P033: TAVR: SUBVALVULAR SURPRISE
Joseph E LaGrew, MD, Kevin R Olsen, MD, Caleb Awoniyi, MD, J. Christopher Goldstein, MD; University of Florida

56-year-old male with severe AS, severe COPD, Crohn’s Disease on immunosuppression, HTN and non-obstructive CAD presented for TAVR procedure under MAC sedation. Following successful deployment of the transcatheter valve and cessation of rapid ventricular pacing at 180 bpm, the patientremained hypotensive, tachycardic, and short of breath. Due to prolonged, severe hypotension post-deployment, escalating doses of intravenous vasopressors were administered. The patient continued to decompensate into acute pulmonary edema requiring oral suctioning and RSI intubation. Given his refractory deterioration caused by rapid pacing and poor response to epinephrine, an LVOT obstruction was high on our differential.  Consequently, inotropic medications were ceased, and rate-control and afterload increasing medications (esmolol, phenylephrine) were prioritized with marked improvement in symptoms. The expedited intraoperative TEE assessment confirmed the presence of a previously undiscovered (masked by the severe AS) hypertrophic cardiomyopathy pathology causing LVOT obstruction with SAM. We initiated longer-acting beta blockade with metoprolol, a phenylephrine infusion, and begun judicious fluid administration to achieve euvolemia guided by TEE.  This resulted in a significant improvement of gradients (peakgradient of 25 mmHG, mean of 13 mmHG). The patient was transported to the ICU intubated and paralyzed with stable vital signs, normal ABG, no external pacing, and improving respiratory status. Patient was mechanically ventilated, sedated, and remained on a phenylephrine infusion until POD #1 when he was responsive and nodding appropriately.

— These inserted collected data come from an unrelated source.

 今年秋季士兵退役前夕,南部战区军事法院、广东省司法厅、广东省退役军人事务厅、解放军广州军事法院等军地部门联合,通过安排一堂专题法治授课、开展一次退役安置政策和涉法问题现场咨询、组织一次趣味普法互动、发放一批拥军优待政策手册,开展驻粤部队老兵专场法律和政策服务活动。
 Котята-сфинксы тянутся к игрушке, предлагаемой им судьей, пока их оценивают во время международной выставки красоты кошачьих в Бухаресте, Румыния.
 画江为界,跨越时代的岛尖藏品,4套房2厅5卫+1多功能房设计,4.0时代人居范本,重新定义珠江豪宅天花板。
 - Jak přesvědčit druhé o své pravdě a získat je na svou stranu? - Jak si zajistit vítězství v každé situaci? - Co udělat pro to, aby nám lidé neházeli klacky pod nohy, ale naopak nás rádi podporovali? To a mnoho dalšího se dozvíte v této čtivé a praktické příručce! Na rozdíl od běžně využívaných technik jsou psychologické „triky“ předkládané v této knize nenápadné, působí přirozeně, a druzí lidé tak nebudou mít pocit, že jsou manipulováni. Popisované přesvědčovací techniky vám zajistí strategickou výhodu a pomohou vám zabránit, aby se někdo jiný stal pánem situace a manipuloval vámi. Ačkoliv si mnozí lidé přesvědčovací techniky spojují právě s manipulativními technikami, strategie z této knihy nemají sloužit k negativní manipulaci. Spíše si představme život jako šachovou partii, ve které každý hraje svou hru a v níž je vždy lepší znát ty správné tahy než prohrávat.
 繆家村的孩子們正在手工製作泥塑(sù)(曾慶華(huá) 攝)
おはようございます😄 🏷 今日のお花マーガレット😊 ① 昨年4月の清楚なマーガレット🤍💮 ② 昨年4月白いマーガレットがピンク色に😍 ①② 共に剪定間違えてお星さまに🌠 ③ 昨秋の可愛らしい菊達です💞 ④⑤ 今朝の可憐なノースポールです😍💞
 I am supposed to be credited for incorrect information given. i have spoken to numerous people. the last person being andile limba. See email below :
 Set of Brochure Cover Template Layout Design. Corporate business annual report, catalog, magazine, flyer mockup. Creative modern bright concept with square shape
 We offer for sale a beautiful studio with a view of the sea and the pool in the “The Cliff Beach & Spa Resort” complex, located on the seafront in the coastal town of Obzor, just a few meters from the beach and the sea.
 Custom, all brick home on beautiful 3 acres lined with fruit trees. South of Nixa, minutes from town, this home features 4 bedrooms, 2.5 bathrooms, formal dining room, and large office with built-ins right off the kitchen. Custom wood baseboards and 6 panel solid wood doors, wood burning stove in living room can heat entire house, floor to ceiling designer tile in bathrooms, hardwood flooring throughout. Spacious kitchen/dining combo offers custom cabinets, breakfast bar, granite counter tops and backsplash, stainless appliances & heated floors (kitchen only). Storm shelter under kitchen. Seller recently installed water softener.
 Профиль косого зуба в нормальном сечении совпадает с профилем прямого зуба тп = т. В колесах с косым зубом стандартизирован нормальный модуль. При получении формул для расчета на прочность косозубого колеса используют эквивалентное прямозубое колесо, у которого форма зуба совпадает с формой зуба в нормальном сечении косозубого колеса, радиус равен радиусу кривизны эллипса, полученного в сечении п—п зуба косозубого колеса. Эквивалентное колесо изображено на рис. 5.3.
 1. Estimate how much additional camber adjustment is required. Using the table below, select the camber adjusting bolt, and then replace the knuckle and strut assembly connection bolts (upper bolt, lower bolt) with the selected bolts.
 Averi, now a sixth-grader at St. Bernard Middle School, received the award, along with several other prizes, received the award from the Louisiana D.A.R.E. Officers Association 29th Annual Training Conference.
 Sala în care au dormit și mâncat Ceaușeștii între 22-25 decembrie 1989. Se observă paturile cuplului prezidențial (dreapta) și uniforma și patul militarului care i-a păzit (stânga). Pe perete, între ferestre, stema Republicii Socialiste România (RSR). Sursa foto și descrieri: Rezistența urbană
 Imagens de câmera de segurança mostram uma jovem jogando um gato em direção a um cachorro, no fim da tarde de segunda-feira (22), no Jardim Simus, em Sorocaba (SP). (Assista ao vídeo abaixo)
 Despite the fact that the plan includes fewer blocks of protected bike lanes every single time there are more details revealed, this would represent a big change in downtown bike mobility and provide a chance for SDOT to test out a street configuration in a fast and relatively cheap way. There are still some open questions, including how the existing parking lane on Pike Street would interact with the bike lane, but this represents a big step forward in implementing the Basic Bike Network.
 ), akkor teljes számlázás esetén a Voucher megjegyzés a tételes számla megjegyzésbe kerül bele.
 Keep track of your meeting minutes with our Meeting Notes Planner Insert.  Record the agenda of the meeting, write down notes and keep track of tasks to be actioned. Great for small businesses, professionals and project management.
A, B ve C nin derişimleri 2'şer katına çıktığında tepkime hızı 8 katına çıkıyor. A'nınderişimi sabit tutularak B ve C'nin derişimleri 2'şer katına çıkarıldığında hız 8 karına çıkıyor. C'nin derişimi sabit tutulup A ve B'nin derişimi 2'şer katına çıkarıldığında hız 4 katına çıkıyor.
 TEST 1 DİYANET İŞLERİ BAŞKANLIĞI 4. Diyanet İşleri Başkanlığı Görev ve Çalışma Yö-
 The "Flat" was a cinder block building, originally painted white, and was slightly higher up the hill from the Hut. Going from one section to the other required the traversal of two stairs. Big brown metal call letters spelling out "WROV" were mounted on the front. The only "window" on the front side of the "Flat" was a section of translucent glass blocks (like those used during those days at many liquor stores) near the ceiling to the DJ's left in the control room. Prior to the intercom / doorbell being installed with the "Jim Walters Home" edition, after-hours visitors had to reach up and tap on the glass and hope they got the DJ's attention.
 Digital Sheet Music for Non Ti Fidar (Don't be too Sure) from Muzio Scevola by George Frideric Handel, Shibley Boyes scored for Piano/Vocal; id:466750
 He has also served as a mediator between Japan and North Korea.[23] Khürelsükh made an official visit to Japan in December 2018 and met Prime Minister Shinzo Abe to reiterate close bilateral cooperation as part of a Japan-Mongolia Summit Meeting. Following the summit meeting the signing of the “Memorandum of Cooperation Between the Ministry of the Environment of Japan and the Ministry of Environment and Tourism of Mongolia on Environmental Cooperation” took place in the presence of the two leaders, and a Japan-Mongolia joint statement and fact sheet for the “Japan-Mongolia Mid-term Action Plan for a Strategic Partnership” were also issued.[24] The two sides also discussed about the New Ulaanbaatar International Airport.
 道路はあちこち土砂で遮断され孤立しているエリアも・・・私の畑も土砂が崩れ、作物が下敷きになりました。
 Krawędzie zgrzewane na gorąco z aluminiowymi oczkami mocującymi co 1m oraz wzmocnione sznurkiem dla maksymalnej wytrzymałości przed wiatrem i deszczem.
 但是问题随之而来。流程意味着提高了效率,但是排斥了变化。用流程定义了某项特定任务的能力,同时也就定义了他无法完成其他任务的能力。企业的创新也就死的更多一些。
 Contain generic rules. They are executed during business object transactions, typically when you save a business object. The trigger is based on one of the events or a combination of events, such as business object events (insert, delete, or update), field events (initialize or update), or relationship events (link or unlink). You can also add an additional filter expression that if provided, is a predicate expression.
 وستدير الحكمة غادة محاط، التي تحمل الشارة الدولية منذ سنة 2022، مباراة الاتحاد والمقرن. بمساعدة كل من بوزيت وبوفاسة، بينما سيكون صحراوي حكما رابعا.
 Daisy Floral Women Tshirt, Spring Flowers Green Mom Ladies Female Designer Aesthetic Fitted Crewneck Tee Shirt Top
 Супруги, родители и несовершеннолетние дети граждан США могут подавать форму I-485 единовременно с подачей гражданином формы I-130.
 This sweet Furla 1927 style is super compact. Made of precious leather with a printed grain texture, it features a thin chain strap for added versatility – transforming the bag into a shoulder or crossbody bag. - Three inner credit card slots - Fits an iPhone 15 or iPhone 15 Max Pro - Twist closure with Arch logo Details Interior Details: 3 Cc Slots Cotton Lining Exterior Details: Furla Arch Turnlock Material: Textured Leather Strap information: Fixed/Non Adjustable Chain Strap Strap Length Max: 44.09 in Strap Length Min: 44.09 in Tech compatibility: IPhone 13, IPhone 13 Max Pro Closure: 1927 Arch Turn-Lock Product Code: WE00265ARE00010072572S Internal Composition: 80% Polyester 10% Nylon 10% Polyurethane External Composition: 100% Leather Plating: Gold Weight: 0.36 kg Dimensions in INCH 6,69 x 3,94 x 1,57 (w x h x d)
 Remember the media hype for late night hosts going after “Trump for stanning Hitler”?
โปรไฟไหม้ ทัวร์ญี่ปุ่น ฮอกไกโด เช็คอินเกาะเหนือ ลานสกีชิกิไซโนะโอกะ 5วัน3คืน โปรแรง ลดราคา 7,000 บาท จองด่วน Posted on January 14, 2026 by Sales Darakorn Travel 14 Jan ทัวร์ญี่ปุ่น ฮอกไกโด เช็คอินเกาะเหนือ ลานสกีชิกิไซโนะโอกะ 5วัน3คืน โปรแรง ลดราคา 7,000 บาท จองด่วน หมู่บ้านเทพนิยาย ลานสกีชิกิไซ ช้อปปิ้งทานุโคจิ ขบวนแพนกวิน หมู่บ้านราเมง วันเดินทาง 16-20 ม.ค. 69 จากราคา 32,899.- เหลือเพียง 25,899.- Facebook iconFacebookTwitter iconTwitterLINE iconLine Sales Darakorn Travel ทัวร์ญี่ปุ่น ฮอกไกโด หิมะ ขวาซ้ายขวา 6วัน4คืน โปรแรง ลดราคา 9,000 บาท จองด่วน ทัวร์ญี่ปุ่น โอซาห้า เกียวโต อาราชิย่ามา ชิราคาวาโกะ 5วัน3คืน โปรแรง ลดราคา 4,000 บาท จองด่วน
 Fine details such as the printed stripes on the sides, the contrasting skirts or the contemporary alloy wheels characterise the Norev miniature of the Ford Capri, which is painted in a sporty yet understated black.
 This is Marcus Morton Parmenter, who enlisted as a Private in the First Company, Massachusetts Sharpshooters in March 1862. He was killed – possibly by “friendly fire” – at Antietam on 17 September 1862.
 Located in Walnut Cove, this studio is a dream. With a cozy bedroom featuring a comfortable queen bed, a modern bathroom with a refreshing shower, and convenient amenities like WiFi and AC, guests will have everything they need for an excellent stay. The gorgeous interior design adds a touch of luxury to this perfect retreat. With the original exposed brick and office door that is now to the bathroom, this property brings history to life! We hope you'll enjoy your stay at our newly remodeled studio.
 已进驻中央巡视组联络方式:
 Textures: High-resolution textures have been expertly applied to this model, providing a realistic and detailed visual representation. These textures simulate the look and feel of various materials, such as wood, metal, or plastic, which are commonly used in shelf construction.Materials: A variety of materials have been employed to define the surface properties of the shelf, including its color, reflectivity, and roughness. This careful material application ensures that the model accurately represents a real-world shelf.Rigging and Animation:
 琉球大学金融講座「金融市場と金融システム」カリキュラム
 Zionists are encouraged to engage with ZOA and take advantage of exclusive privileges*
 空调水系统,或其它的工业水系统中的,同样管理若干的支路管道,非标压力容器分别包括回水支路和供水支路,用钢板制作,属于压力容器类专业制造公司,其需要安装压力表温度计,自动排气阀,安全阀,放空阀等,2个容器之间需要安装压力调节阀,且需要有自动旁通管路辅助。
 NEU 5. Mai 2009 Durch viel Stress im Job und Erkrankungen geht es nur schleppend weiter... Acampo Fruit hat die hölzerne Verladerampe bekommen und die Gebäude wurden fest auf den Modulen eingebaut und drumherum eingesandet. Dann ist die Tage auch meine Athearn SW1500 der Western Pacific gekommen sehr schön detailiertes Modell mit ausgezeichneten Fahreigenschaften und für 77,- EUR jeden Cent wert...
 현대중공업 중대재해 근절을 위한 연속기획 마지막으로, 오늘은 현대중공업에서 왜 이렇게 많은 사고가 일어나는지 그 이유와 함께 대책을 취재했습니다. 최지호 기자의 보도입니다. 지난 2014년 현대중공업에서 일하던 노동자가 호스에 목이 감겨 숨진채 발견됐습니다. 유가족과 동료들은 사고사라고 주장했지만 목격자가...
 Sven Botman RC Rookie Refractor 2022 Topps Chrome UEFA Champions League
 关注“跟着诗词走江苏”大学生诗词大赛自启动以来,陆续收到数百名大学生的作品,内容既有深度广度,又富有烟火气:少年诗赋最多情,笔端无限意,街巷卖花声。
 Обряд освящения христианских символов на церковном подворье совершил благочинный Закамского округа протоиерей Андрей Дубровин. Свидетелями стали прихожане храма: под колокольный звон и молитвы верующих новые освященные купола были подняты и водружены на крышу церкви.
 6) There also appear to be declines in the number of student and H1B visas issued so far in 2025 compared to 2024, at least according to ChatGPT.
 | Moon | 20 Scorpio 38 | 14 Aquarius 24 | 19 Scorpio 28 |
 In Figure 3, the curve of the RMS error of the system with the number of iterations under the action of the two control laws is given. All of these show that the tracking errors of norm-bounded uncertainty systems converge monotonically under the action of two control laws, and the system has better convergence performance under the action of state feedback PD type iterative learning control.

He was converted to a vasopressin infusion and continued to receive beta blocking agents. A repeat TTE showed moderate to severe concentric LVH, normal LV systolic function, EF of 60%, a normally functioning prosthetic valve with peak gradient of 27 mmHg and mean systolic gradient of 10 mmHg. An overlying LVOT gradient of 40 mmHg that was late peaking was also observed. The patient continued to be weaned from vasopressor medications and was extubated on POD #2. On POD#4, he was ambulatory, moved to the ward and was discharged on POD #5. Post-discharge, the patient’s medical management of his subvalvular HOCM was closely monitored; this is anticipated to improve with further ventricular remodeling.